About this exercise. Reproduce, exactly and only, the lines of the data that follows from the one containing "A set of three" down to the one containing "詳見《龍巖市2021年教育類引進(jìn)生招聘公告》(附件1)。", without pictures.

Exercise input.
============

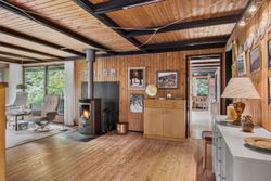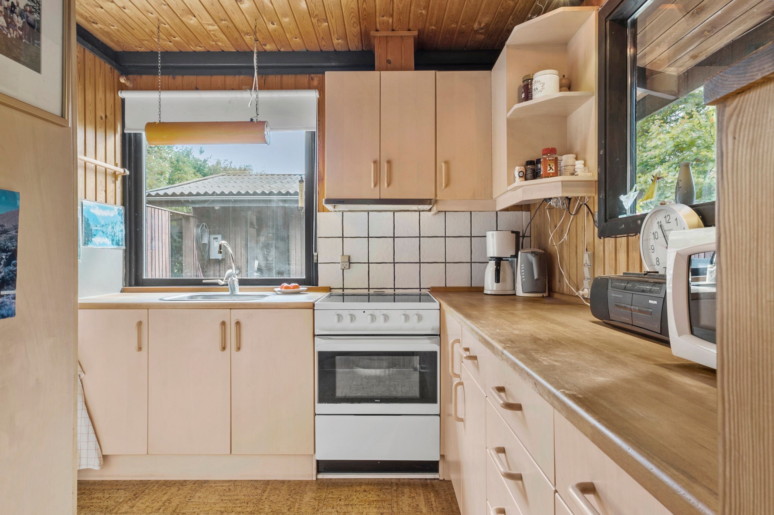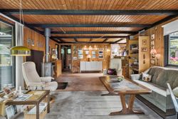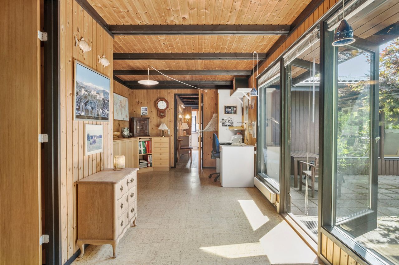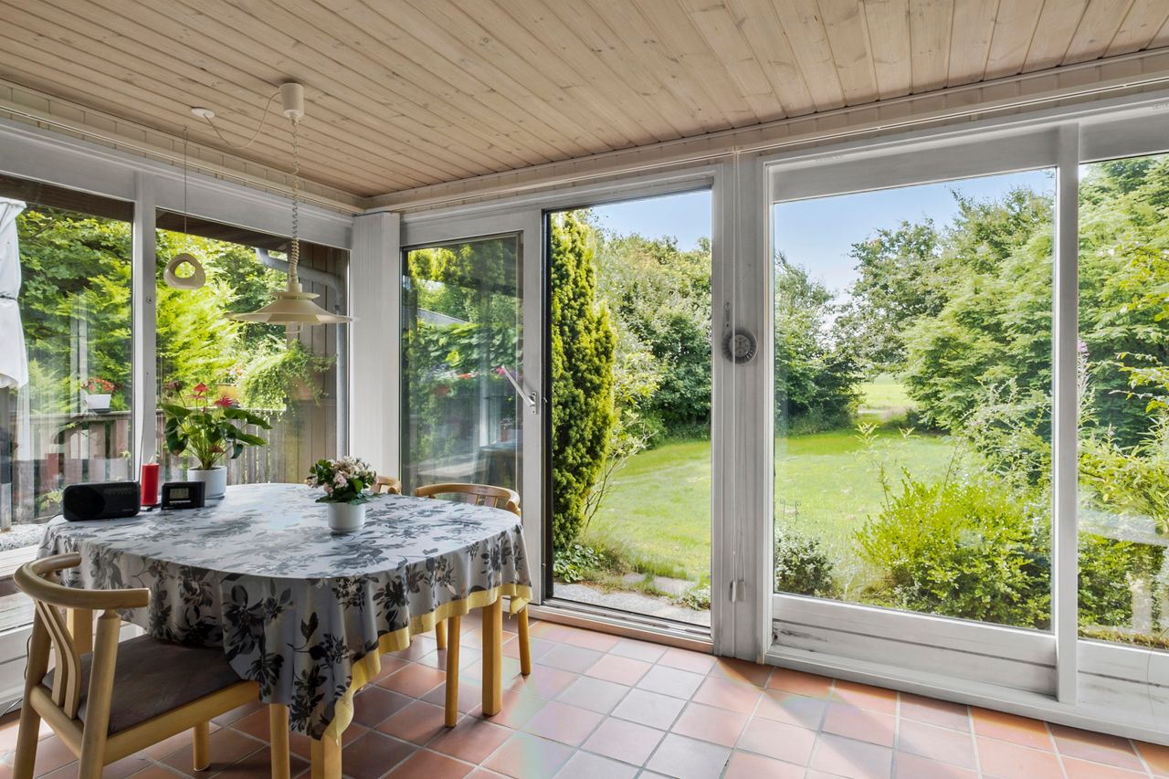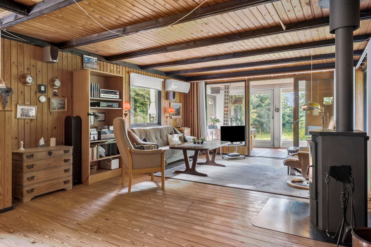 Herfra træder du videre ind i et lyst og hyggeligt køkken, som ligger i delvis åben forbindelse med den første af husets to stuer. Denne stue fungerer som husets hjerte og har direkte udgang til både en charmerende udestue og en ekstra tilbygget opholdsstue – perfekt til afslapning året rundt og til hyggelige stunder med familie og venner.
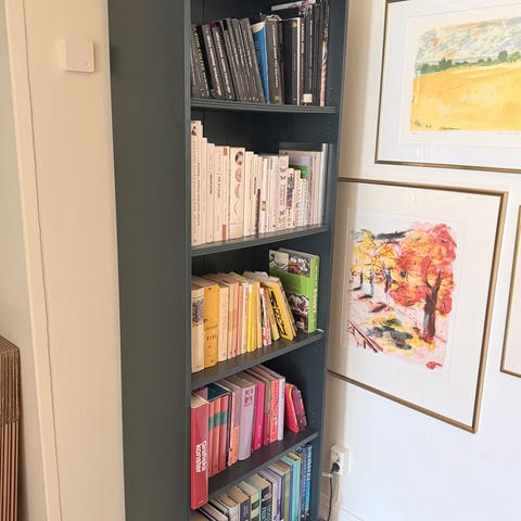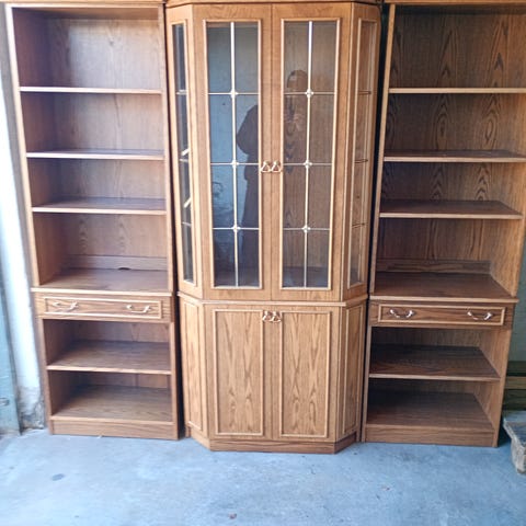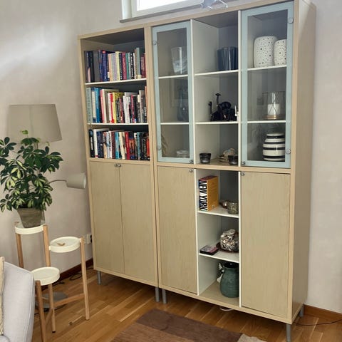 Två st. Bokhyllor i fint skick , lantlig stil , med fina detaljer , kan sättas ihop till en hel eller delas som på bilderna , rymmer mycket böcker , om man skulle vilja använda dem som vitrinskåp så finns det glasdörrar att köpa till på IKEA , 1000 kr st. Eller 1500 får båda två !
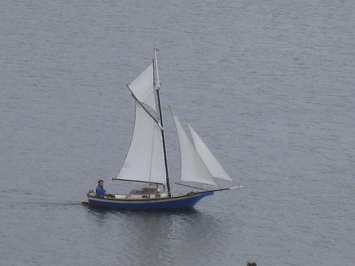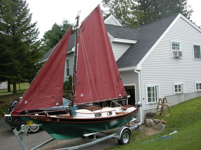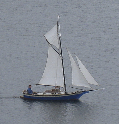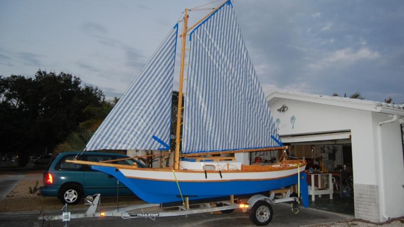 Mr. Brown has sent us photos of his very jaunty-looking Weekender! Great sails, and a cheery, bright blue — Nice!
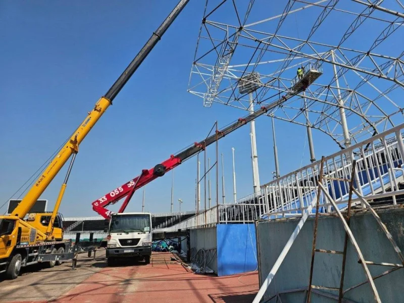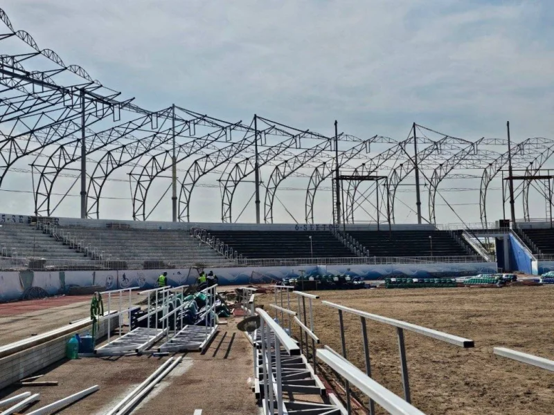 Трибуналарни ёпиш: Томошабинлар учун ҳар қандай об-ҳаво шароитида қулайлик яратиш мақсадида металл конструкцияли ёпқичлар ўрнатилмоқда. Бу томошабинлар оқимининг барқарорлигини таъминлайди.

============

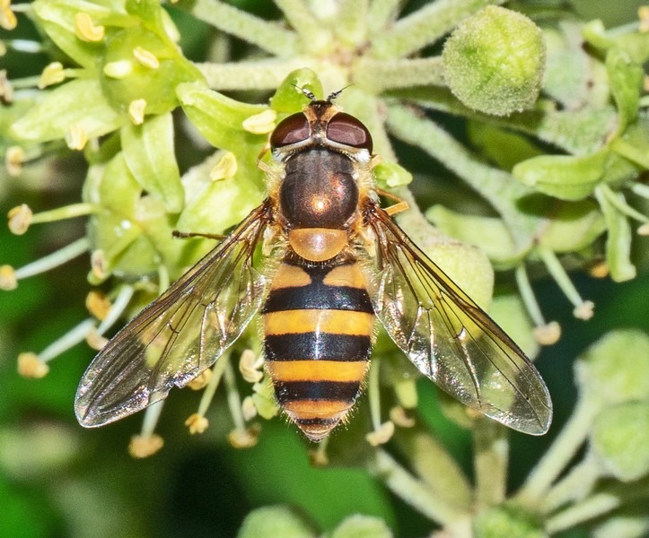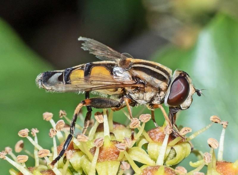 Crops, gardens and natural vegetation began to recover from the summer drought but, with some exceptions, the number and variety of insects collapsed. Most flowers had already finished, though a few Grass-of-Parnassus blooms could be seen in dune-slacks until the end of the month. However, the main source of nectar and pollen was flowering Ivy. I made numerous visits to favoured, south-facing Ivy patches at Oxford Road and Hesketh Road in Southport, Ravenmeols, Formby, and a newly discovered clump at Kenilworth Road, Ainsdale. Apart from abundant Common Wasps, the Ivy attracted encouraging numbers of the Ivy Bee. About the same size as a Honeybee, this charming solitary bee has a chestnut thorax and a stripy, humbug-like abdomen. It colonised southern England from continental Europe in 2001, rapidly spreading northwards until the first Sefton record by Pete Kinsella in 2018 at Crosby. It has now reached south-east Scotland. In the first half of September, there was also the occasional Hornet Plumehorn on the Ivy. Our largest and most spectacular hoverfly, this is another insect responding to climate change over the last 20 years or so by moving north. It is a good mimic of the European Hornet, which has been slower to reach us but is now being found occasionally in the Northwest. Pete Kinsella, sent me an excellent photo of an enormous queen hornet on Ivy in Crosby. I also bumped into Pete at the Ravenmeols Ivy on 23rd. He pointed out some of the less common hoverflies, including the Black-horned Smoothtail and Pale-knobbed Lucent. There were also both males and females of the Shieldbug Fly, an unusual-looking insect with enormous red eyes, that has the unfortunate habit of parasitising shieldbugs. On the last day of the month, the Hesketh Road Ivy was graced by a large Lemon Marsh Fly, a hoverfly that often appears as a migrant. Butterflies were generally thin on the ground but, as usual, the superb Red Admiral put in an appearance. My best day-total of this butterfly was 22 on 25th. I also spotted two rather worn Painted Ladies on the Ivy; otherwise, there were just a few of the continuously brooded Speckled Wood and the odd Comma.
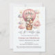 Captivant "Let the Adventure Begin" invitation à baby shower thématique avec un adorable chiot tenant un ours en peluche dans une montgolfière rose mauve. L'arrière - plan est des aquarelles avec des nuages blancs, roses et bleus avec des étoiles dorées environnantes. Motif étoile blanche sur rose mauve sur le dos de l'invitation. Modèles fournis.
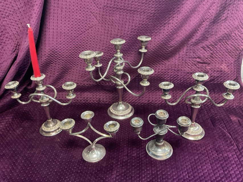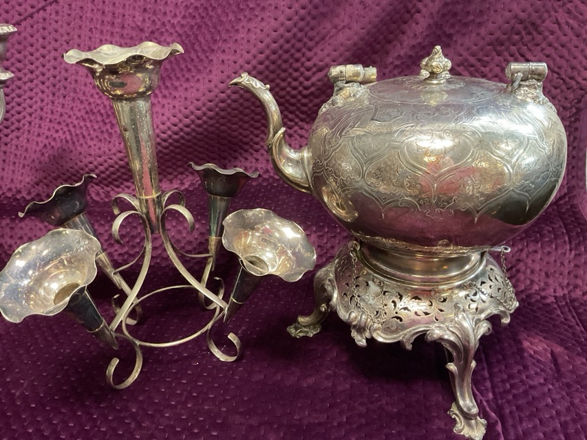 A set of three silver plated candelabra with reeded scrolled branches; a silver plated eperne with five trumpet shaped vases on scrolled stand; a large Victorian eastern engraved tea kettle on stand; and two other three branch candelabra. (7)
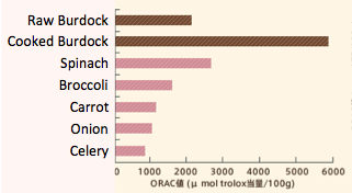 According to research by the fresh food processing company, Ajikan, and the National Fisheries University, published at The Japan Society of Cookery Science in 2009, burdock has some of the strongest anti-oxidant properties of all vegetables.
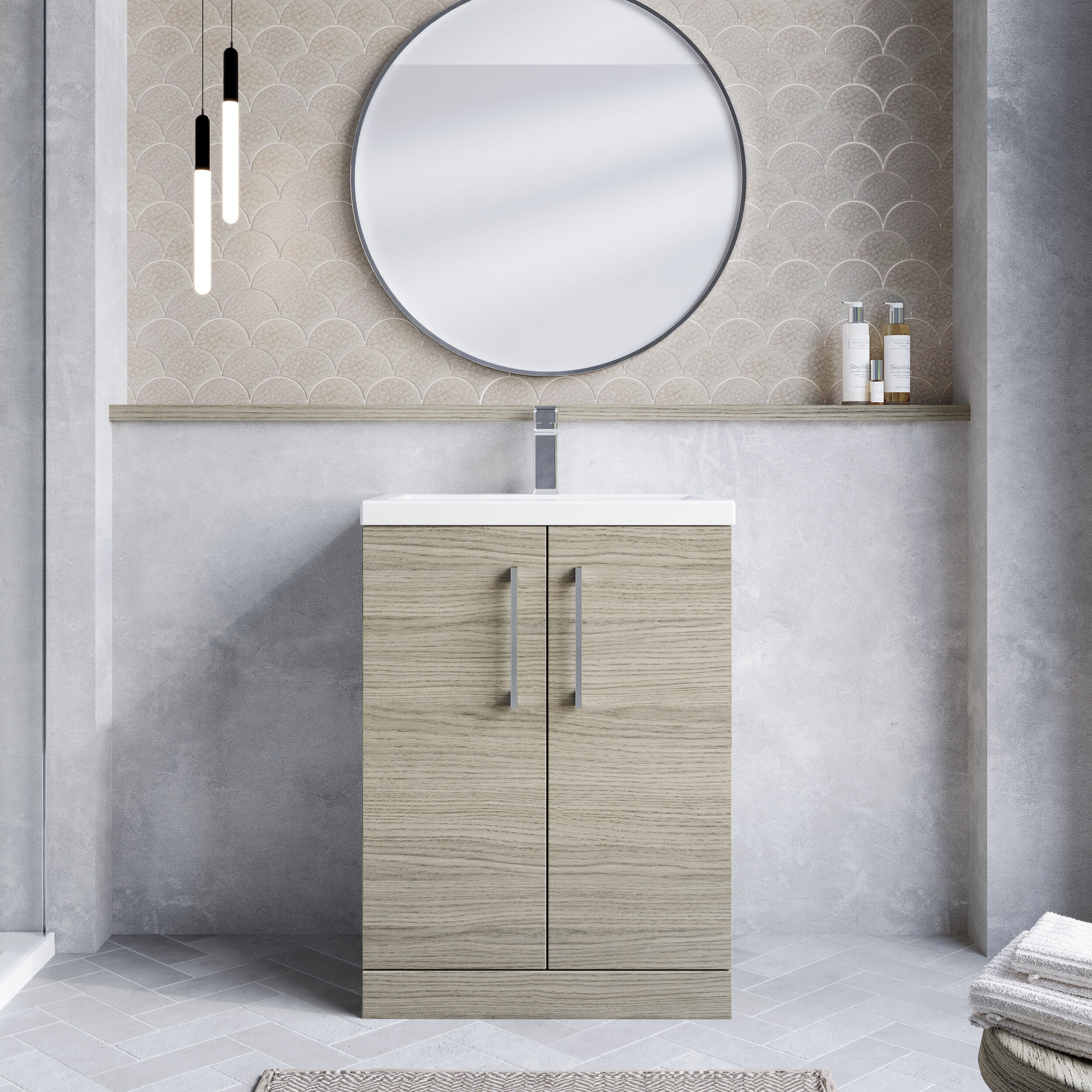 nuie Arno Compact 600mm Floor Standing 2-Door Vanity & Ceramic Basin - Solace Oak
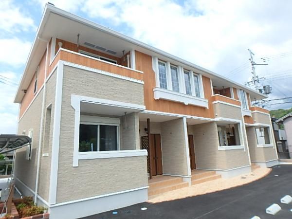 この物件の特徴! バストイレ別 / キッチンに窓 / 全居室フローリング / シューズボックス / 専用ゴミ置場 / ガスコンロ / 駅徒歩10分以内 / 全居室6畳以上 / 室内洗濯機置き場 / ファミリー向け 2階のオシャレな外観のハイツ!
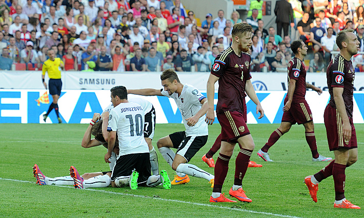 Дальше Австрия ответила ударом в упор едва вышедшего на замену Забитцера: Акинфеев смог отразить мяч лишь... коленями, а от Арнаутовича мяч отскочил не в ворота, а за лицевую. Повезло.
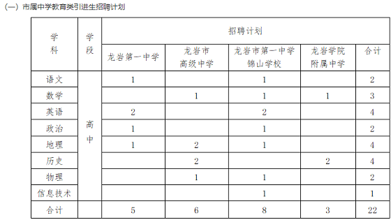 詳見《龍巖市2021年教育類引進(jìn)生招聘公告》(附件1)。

============

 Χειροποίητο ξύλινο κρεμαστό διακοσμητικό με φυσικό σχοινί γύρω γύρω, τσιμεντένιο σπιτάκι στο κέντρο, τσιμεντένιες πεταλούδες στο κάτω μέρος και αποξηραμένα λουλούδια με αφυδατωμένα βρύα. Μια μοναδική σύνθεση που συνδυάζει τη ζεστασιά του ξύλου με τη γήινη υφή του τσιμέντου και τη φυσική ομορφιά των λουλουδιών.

============

Solution to this problem.
 A set of three silver plated candelabra with reeded scrolled branches; a silver plated eperne with five trumpet shaped vases on scrolled stand; a large Victorian eastern engraved tea kettle on stand; and two other three branch candelabra. (7)
 According to research by the fresh food processing company, Ajikan, and the National Fisheries University, published at The Japan Society of Cookery Science in 2009, burdock has some of the strongest anti-oxidant properties of all vegetables.
 nuie Arno Compact 600mm Floor Standing 2-Door Vanity & Ceramic Basin - Solace Oak
 この物件の特徴! バストイレ別 / キッチンに窓 / 全居室フローリング / シューズボックス / 専用ゴミ置場 / ガスコンロ / 駅徒歩10分以内 / 全居室6畳以上 / 室内洗濯機置き場 / ファミリー向け 2階のオシャレな外観のハイツ!
 Дальше Австрия ответила ударом в упор едва вышедшего на замену Забитцера: Акинфеев смог отразить мяч лишь... коленями, а от Арнаутовича мяч отскочил не в ворота, а за лицевую. Повезло.
 詳見《龍巖市2021年教育類引進(jìn)生招聘公告》(附件1)。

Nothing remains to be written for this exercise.